==== DATASET RECORDS ====

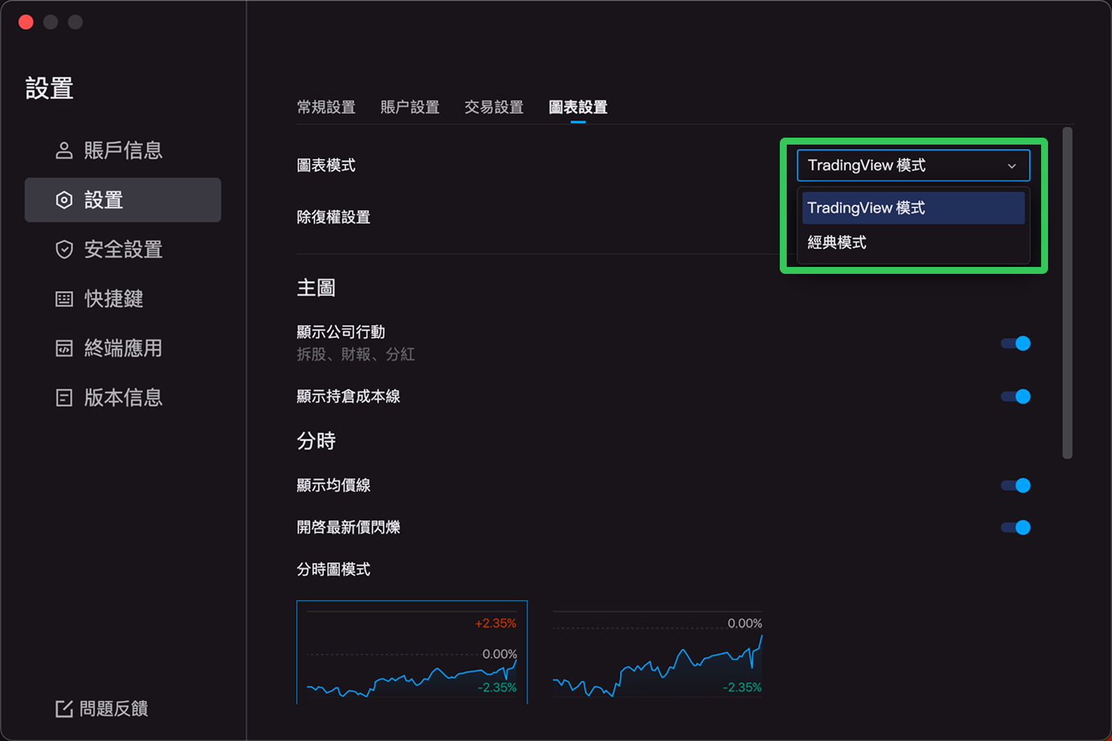 (1)若您設置的是 Trading View 模式的圖表,則圖表中無法直接查看到附加單委託線,建議切換到經典模式圖表。切換入口:設置 - 圖表設置 - 圖表模式切換。
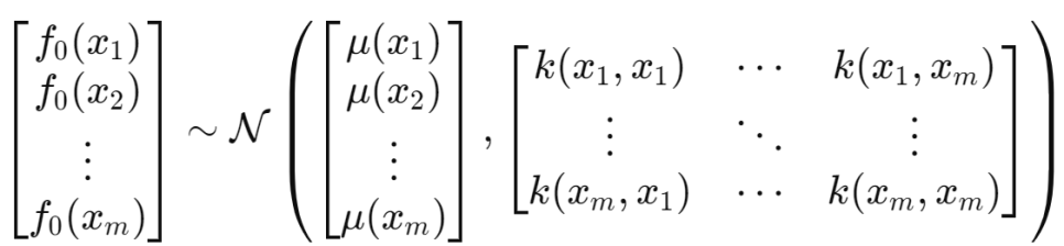 Gaussian Process는 연속적인 함수의 집합을 정의하는 확률 모델이다. 유한한 부분집합의 랜덤 변수들이 다변량 가우시안 분포를 따르는 랜덤 변수들의 집합이다. 가우시안을 표현할 때 함수와 공분산은 함수의 형태로 나타내진다.
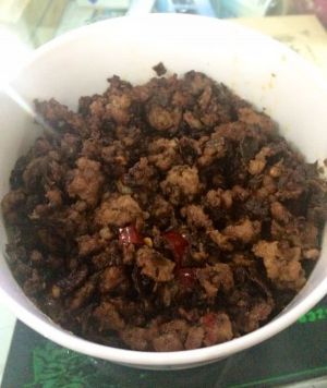 渣渣肉和碎米芽菜加郫县豆瓣炒香待用
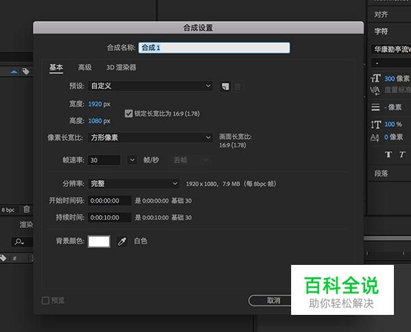 进入电脑中的AE软件,CTRL+N创建新和成,帧速率为30,不要太高。
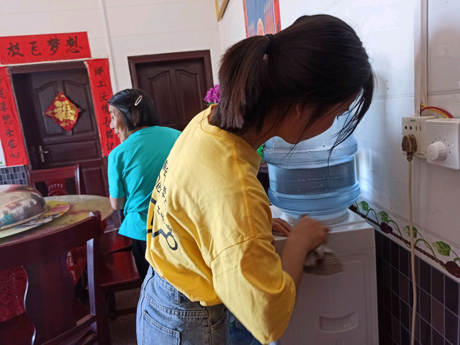 7月21日,团队成员刘冰前往河南信阳市一户人家帮忙开展卫生大扫除活动。在打扫客厅时刘冰发现,多个大功率电器同时使用一个插盘,面对这种情况,刘冰及时指出村民做法错误,并引导他们如何正确使用大功率电器和插排,并普及安全用电知识。
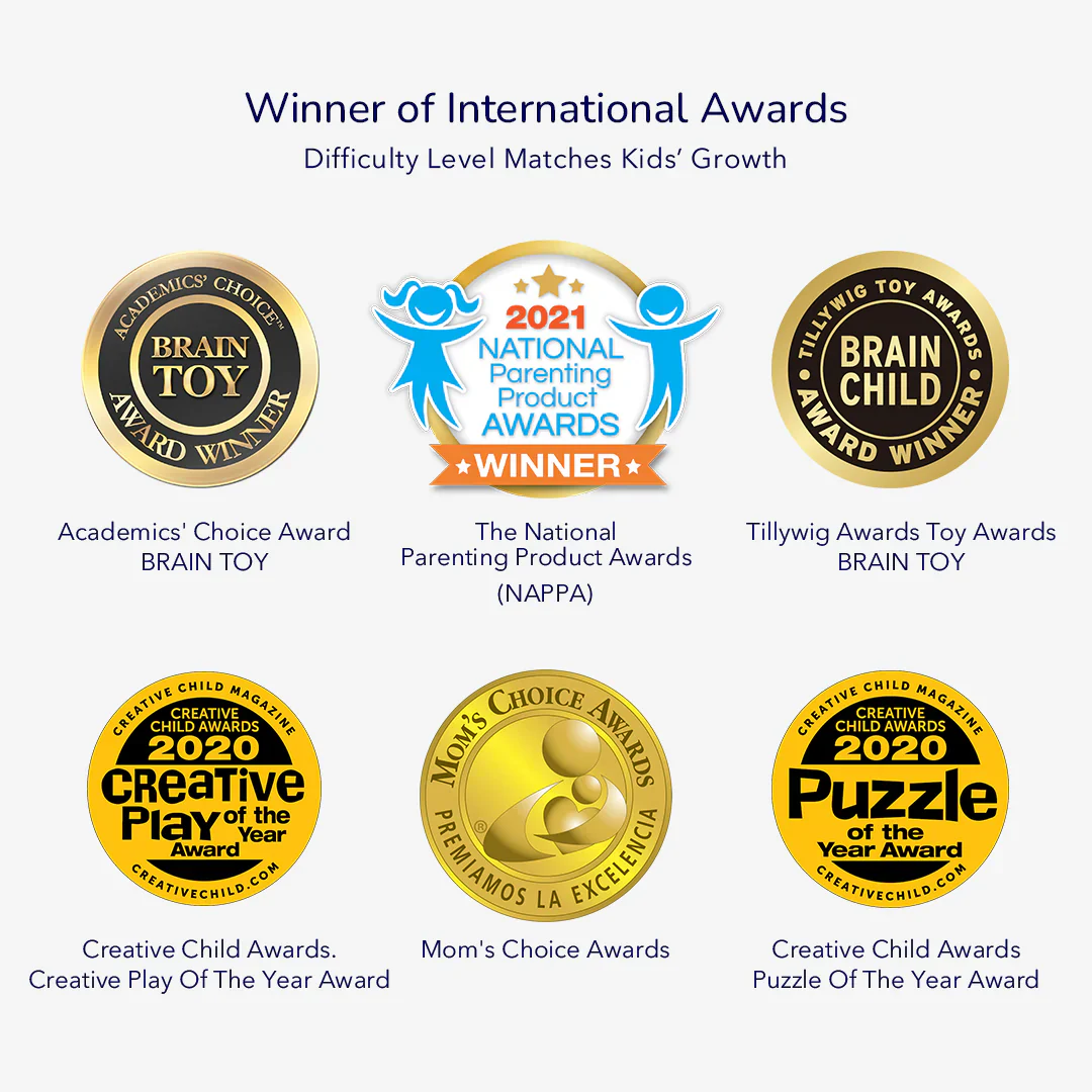W zestawie znajduje się również certyfikat, który rodzic może wręczyć jako nagrodę za ułożenie puzzli – mały gest, który wzmacnia pewność siebie i buduje poczucie dumy.

====

→ PROBLEM STATEMENT
Take the lines from the one holding "进入电脑中的AE软件,CTRL+N创建新和成,帧速率为30,不要太高。" through the final line of the listing above and copy them exactly, both ends included, with no pictures.

→ THE COMPLETED TASK
 进入电脑中的AE软件,CTRL+N创建新和成,帧速率为30,不要太高。
 7月21日,团队成员刘冰前往河南信阳市一户人家帮忙开展卫生大扫除活动。在打扫客厅时刘冰发现,多个大功率电器同时使用一个插盘,面对这种情况,刘冰及时指出村民做法错误,并引导他们如何正确使用大功率电器和插排,并普及安全用电知识。
W zestawie znajduje się również certyfikat, który rodzic może wręczyć jako nagrodę za ułożenie puzzli – mały gest, który wzmacnia pewność siebie i buduje poczucie dumy.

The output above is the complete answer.